__Given information__.
--- START ---
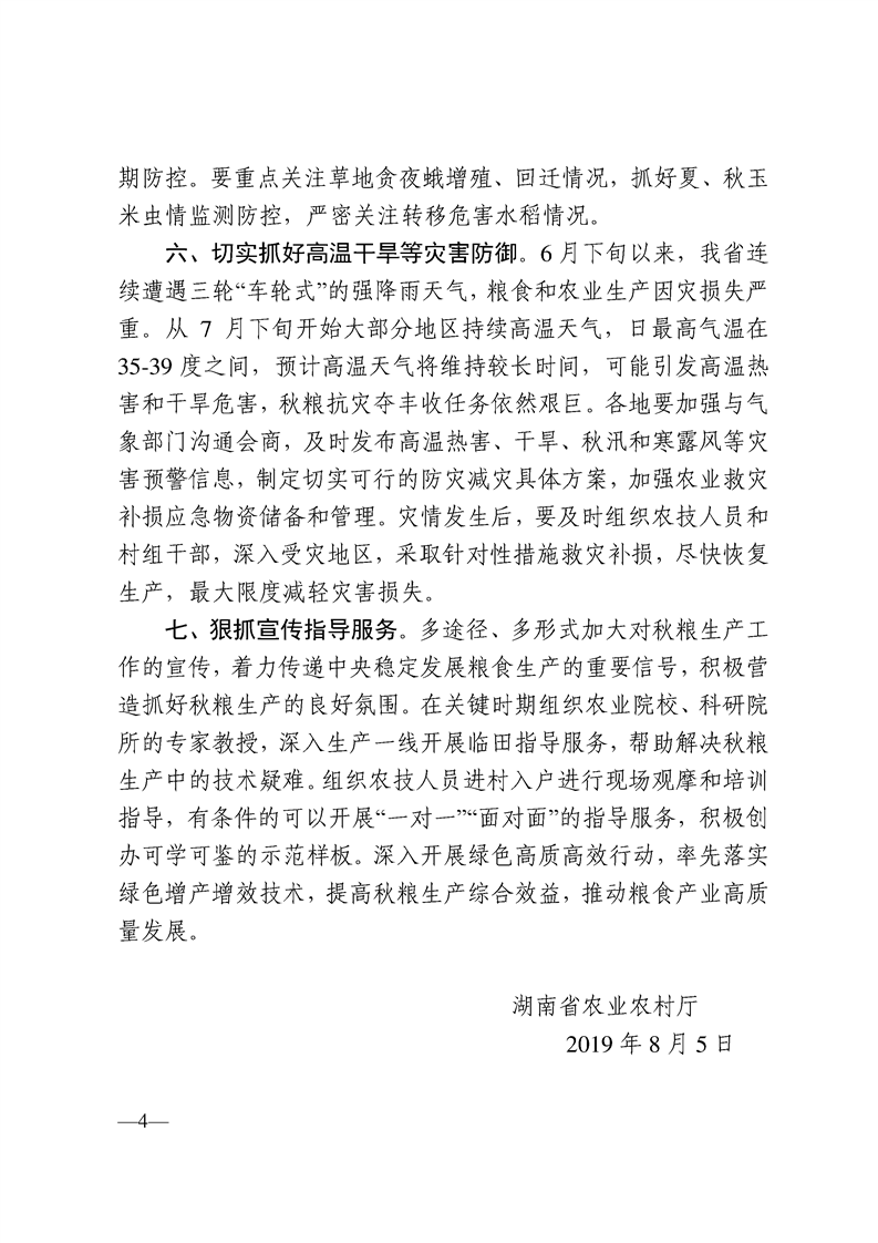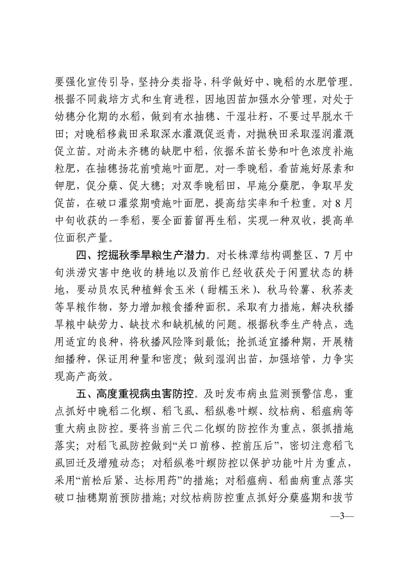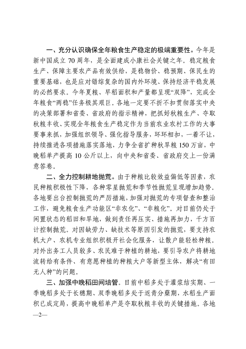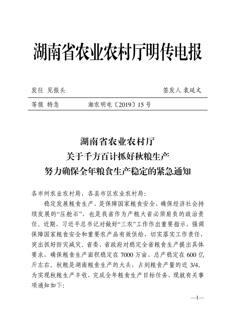 湖南省农业农村厅关于千方百计抓好秋粮生产努力确保全年粮食生产稳定的紧急通知
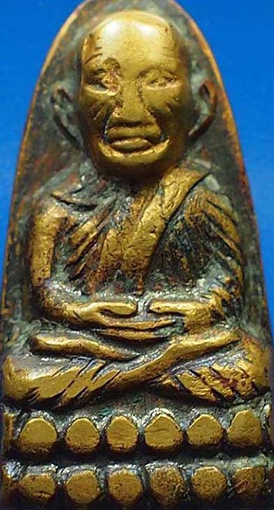 พระหลวงปู่ทวด วัดช้างให้ พิมพ์หลังตัวหนังสือเล็ก (ว จุด) หน้าหนู หูกาง เนื้อทองเหลือง ปี 2505 จ.ปัตตานี พร้อมบัตรรับรองสถาบันการันตีพระ
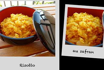 Ingrédients pour 2 personnes: 120g de riz rond (ou "risotto") - 45cl d'eau - 5cl de vin blanc - un cube de bouillon de légumes - un oignon émincé - une CS d'huile d'olive - une pincée de safran
--- END ---
__What the task asks__.
A word-for-word reprint of the listing above is needed, minus the pictures.

__Solution for this problem__.
 湖南省农业农村厅关于千方百计抓好秋粮生产努力确保全年粮食生产稳定的紧急通知
 พระหลวงปู่ทวด วัดช้างให้ พิมพ์หลังตัวหนังสือเล็ก (ว จุด) หน้าหนู หูกาง เนื้อทองเหลือง ปี 2505 จ.ปัตตานี พร้อมบัตรรับรองสถาบันการันตีพระ
 Ingrédients pour 2 personnes: 120g de riz rond (ou "risotto") - 45cl d'eau - 5cl de vin blanc - un cube de bouillon de légumes - un oignon émincé - une CS d'huile d'olive - une pincée de safran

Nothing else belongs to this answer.